# Extra remote control



## tdenson (Oct 3, 2002)

Anyone know if it's possible to get hold of extra remote controls for the new TiVo ? I suppose my question is whether it uses a proprietary Virgin remote or whether one can use the generic American one. I have a feed from our main TV in the lounge to a TV in the bedroom with a video sender for transmitting the IR remote signal.


----------



## smokie (Dec 27, 2002)

I'd also be interested. Most of the buttons are the same as V+ though.


----------



## tdenson (Oct 3, 2002)

smokie said:


> I'd also be interested. Most of the buttons are the same as V+ though.


I've just noticed the other thread about the American remote.
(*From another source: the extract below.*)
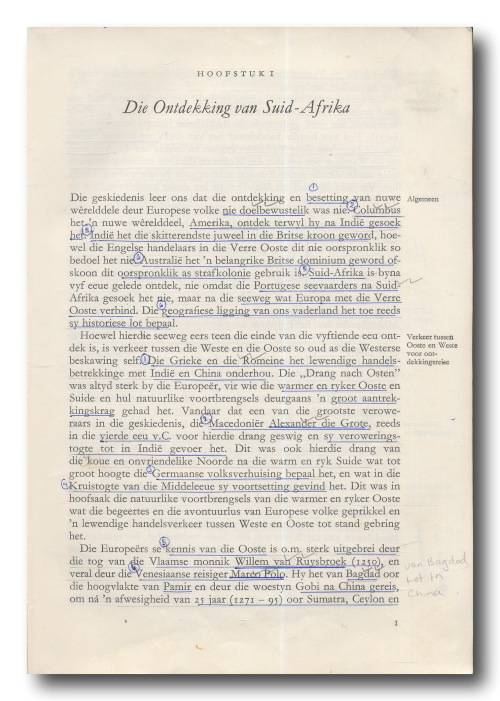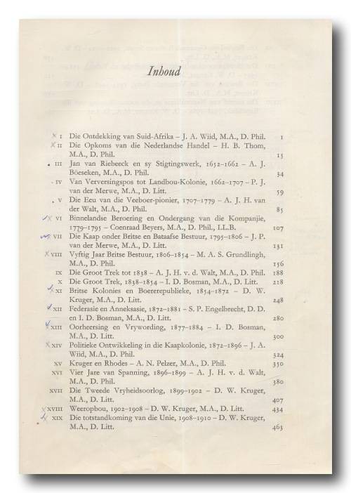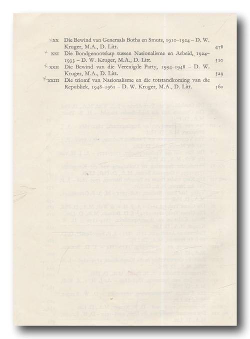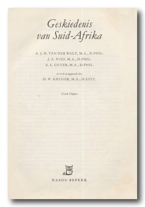 Geskiedenis van Suid-Afrika verwerk en bygewerk deur DW Kruger. A5, hardeband, 620 bls. Buiteblad redelik verweer. Boek binne in leesbare toestand. Sommige bladsye het potlood-onderstreep en aantekeninge op. Een bladsy voor het 'n skeur. Boek voor en agter versterk met Masking Tape. Naam van vorige eienaar voor in boek.

I'm also in the States the week after next, will follow that thread with interest.


----------



## cyril (Sep 5, 2001)

I would also get a universal remote like the URC MX-500/800/850 or one of the harmony range, which is generally handy anyway if you don't have one.

Maybe we should petition Virgin to bring out a UK version of the US Keyboard bluetooth TiVo remote?


----------



## RichardJH (Oct 7, 2002)

cyril said:


> Maybe we should petition Virgin to bring out a UK version of the US Keyboard bluetooth TiVo remote?


If they don't do that I hope a wireless keyboard will work via usb. Just bought one of these for £8 http://www.ebuyer.com/product/233152 already tried it on a HTPC and its really good.

Tivo being installed 15th so will try it on that then


----------



## cwaring (Feb 12, 2002)

Yep. That's the one I'm considering, if anyone can confirm that it will work.


----------



## RichardJH (Oct 7, 2002)

cwaring said:


> Yep. That's the one I'm considering, if anyone can confirm that it will work.


I will know on Tuesday


----------